ASIC alleged that the board of directors of James Hardie had contravened their duties under s.180 of the Corporations Act 2001 (Cth) ("Act") by approving, at a meeting held in February 2001, an announcement to the Australian Stock Exchange ("ASX announcement") to the effect that an asbestos compensation fund set up by James Hardie was "fully funded" to compensate asbestos victims. This statement was repeated in a series of press releases issued by James Hardie in 2001. The compensation fund was subsequently discovered to be significantly under funded.

ASIC also alleged that James Hardie's chief executive, and other executive officers, had contravened their duties by failing to advise the board of directors of matters relevant to the veracity of the statements regarding the adequacy of the compensation fund.

The decision

Gzell J found the ASX announcement and subsequent press releases to be misleading, and held that each of the directors had breached their duties by giving approval. This was despite the fact that the directors gave evidence that the ASX announcement was not tabled at the February 2001 meeting. In finding the directors to be "mistaken" in this regard, Gzell J took into account evidence of the usual practice of the directors at meetings of the James Hardie board.

Gzell J rejected arguments that the directors were entitled to rely on recommendations made to them by James Hardie executives, and the expert reports provided to them. In doing so, His Honour emphasised that the ASX announcement was a key statement in relation to a highly significant restructure of the James Hardie Group. His Honour found that each director, knew, or ought to have known, that the statements regarding the adequacy of funding were misleading, and likely to lead to a market reaction regarding James Hardie's listed securities. The fact that the directors had previously received information regarding the difficulty in predicting the level of asbestos claims was a significant factor.

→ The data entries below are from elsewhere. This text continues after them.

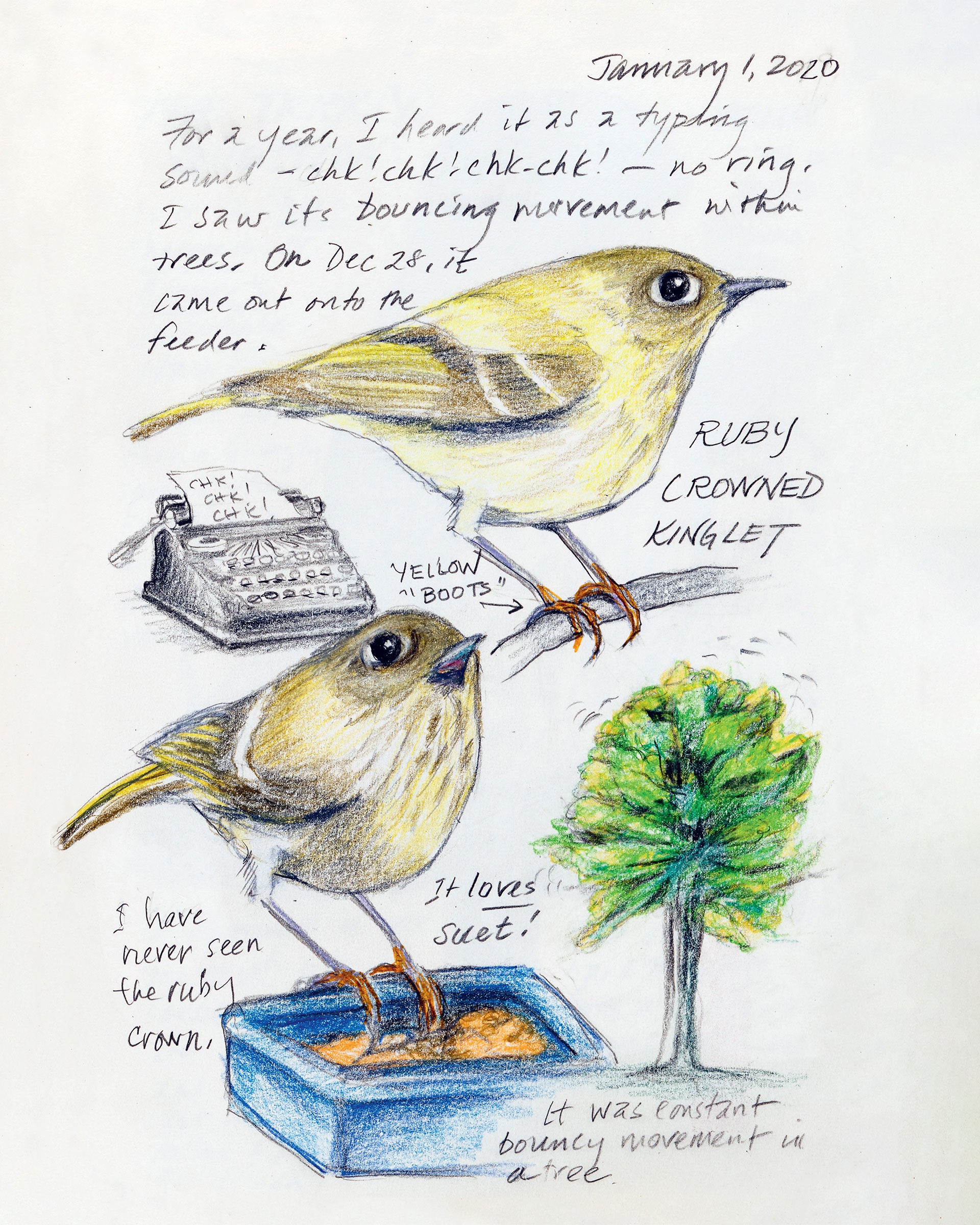 The first time I spotted a Ruby-Crowned Kinglet was in Colorado more than 30 years ago. Our family was skiing in Steamboat Springs and my brother-in-law, Mike LaFontaine, and I were cross-country skiing that day for a break from multiple tumbles on the downhill slopes. Many inches of snow fell, and the quiet of the spruce surrounded us. We took a rest, sipped some water, and listened to the power of the silence. Gently breaking the calm was the persistent cack and zhi-dit sound coming from the branches above us. Pulling out binoculars, there was this cute yellow-green bird hanging upside down and eating away. He seemed to be having the best time. And so did we, while spotting and admiring this acrobatic beauty.
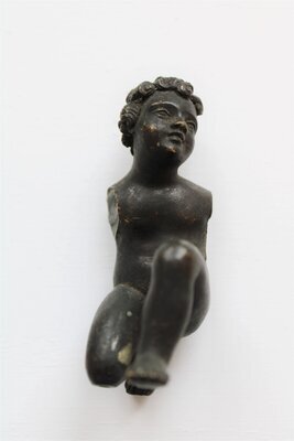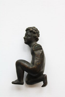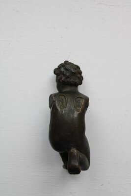 Modell aus Messingguss, das einen knieenden Putto ohne Arme darstellt. Kleinere Tafelleuchter der Königlich-Preußischen Eisengießereien Gleiwitz, Berlin und Sayn zeigen u.a. einen knieenden Putto bzw. einen knieenden Amor mit Flügeln und einem Bogen in der Hand.
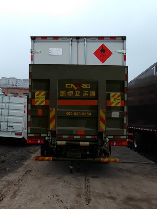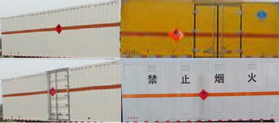 | 备注 | 选装导流罩,随底盘选装驾驶室卧铺侧窗装饰板,前围扰流罩,前雾灯。仅用底盘5000,4700mm轴距,10.00R20,9.00R20,275/80R22.5轮胎。防护装置:材料Q235,螺栓连接;后下部防护装置:断面尺寸120×60mm,离地高度460mm。安装具有卫星定位功能的行驶记录仪。装有ABS,型号:3631010-C2000,4460046440;生产厂家:东科克诺尔商用车制动系统(十堰)有限公司,威伯科汽车控制系统(中国)有限公司。厢体顶部封闭,不可开启。厢体选装通风窗。选装液压尾板。排气管前置,装盘式制动器,装限速装置,限速80km/h。该车用于运输具有独立容器(瓶)包装的:粘合剂,涂料,涂料溶液,煤油,苯,甲醇,乙醇,丙酮,甲苯,二甲苯,汽油,类项号:3。箱体选装瓦楞和平板结构, 箱体侧面选装开门和不开门,箱体颜色可选。尾板收起状态的水平长度为300mm。 | ||
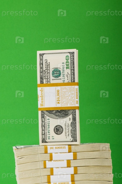 Пачки долларов на зеленом фоне
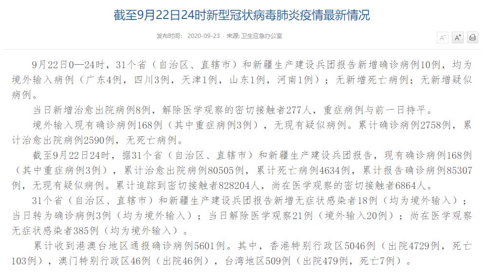 截至9月22日24時,據(jù)31個省(自治區(qū)、直轄市)和新疆生產(chǎn)建設(shè)兵團(tuán)報告,現(xiàn)有確診病例168例(其中重癥病例3例),累計治愈出院病例80505例,累計死亡病例4634例,累計報告確診病例85307例,無現(xiàn)有疑似病例。累計追蹤到密切接觸者828204人,尚在醫(yī)學(xué)觀察的密切接觸者6864人。
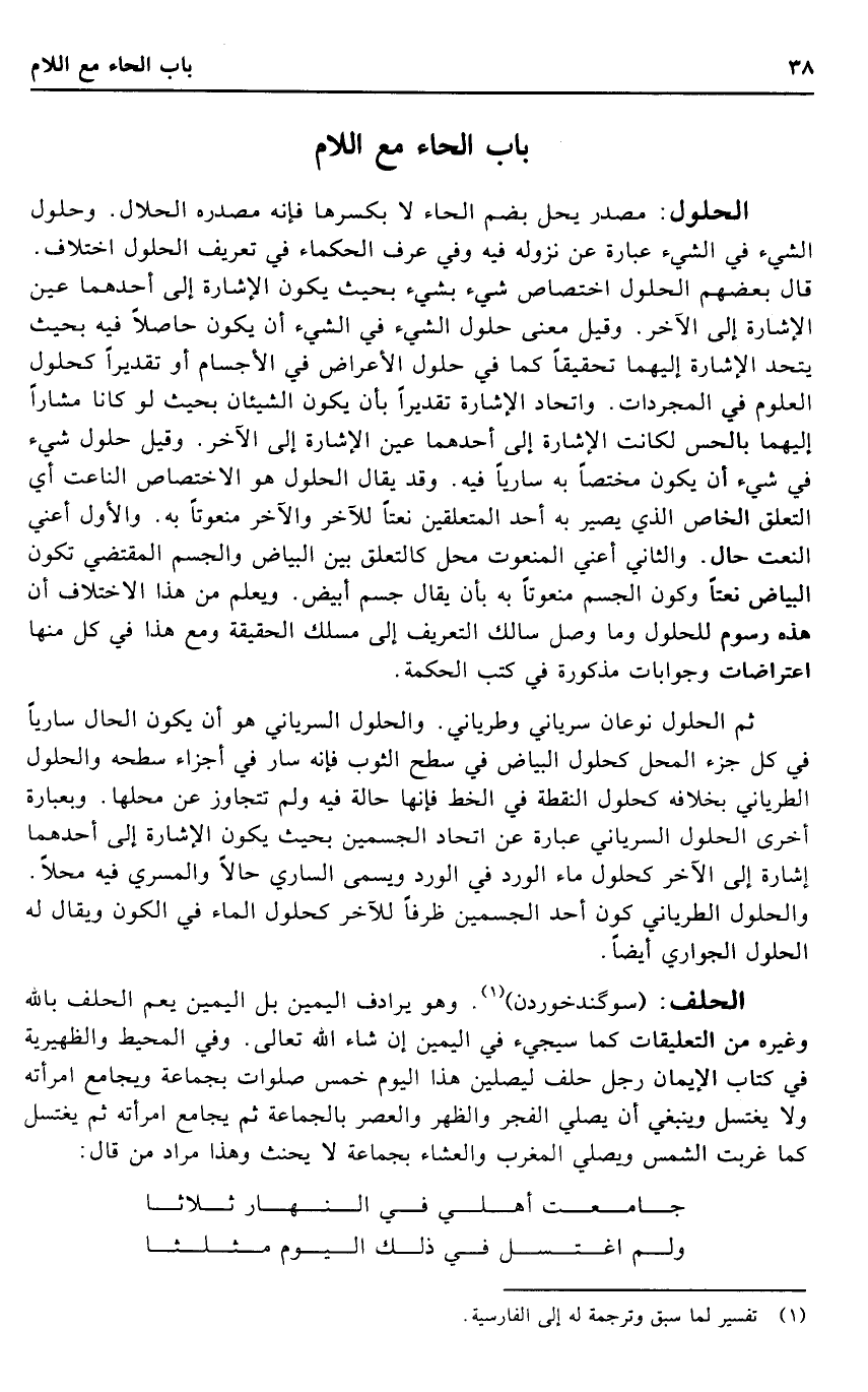 الْحُلُول: مصدر يحل بِضَم الْحَاء لَا بِكَسْرِهَا فَإِنَّهُ مصدره الْحَلَال. وحلول الشَّيْء فِي الشَّيْء عبارَة عَن نُزُوله فِيهِ وَفِي عرف الْحُكَمَاء فِي تَعْرِيف الْحُلُول اخْتِلَاف. قَالَ بَعضهم الْحُلُول اخْتِصَاص شَيْء بِشَيْء بِحَيْثُ يكون الْإِشَارَة إِلَى أَحدهمَا عين الْإِشَارَة إِلَى الآخر. وَقيل معنى حُلُول الشَّيْء فِي الشَّيْء أَن يكون حَاصِلا فِيهِ بِحَيْثُ يتحد الْإِشَارَة إِلَيْهِمَا تَحْقِيقا كَمَا فِي حُلُول الْأَعْرَاض فِي الْأَجْسَام أَو تَقْديرا كحلول الْعُلُوم فِي المجردات. واتحاد الْإِشَارَة تَقْديرا بِأَن يكون الشيئان بِحَيْثُ لَو كَانَا مشارا إِلَيْهِمَا بالحس لكَانَتْ الْإِشَارَة إِلَى أَحدهمَا عين الْإِشَارَة إِلَى الآخر. وَقيل حُلُول شَيْء فِي شَيْء أَن يكون مُخْتَصًّا بِهِ ساريا فِيهِ. وَقد يُقَال الْحُلُول هُوَ الِاخْتِصَاص الناعت أَي التَّعَلُّق الْخَاص الَّذِي يصير بِهِ أحد المتعلقين نعتا للْآخر وَالْآخر منعوتا بِهِ. وَالْأول أَعنِي النَّعْت حَال. وَالثَّانِي أَعنِي المنعوت مَحل كالتعلق بَين الْبيَاض والجسم الْمُقْتَضِي تكون الْبيَاض نعتا وَكَون الْجِسْم منعوتا بِهِ بِأَن يُقَال جسم أَبيض. وَيعلم من هَذَا الِاخْتِلَاف أَن هَذِه رسوم للحلول وَمَا وصل سالك التَّعْرِيف إِلَى مَسْلَك الْحَقِيقَة وَمَعَ هَذَا فِي كل مِنْهَا اعتراضات وجوابات مَذْكُورَة فِي كتب الْحِكْمَة.

The chief executive and other executives were found to have committed additional breaches by failing to advise the directors that the ASX announcement was too broadly stated and of the limitations in the financial modelling that had been undertaken to assess the level of funding.

The penalties to be imposed on the James Hardie directors and executives will be considered at a later hearing, at which time they will also be able to argue whether they should be excused under the exoneration provisions in the Act. ASIC is seeking fines against the directors and executives of up to $200,000 each, and disqualification from managing publicly listed companies.

Implications

The case provides important guidelines on the scope and content of the duties of company executives and directors. Whilst directors are permitted to delegate to others the day to day management of the company, they are expected to take a diligent and intelligent interest in information presented to them relating to strategic company decisions and the disclosure of market sensitive information. Directors are expected to exercise independent judgment in considering those matters, and are not entitled to rely solely on the recommendations made by company executives or other officers of the company. The decision also provides guidelines on the information to be provided by company executives when taking important matters to the board of directors for approval.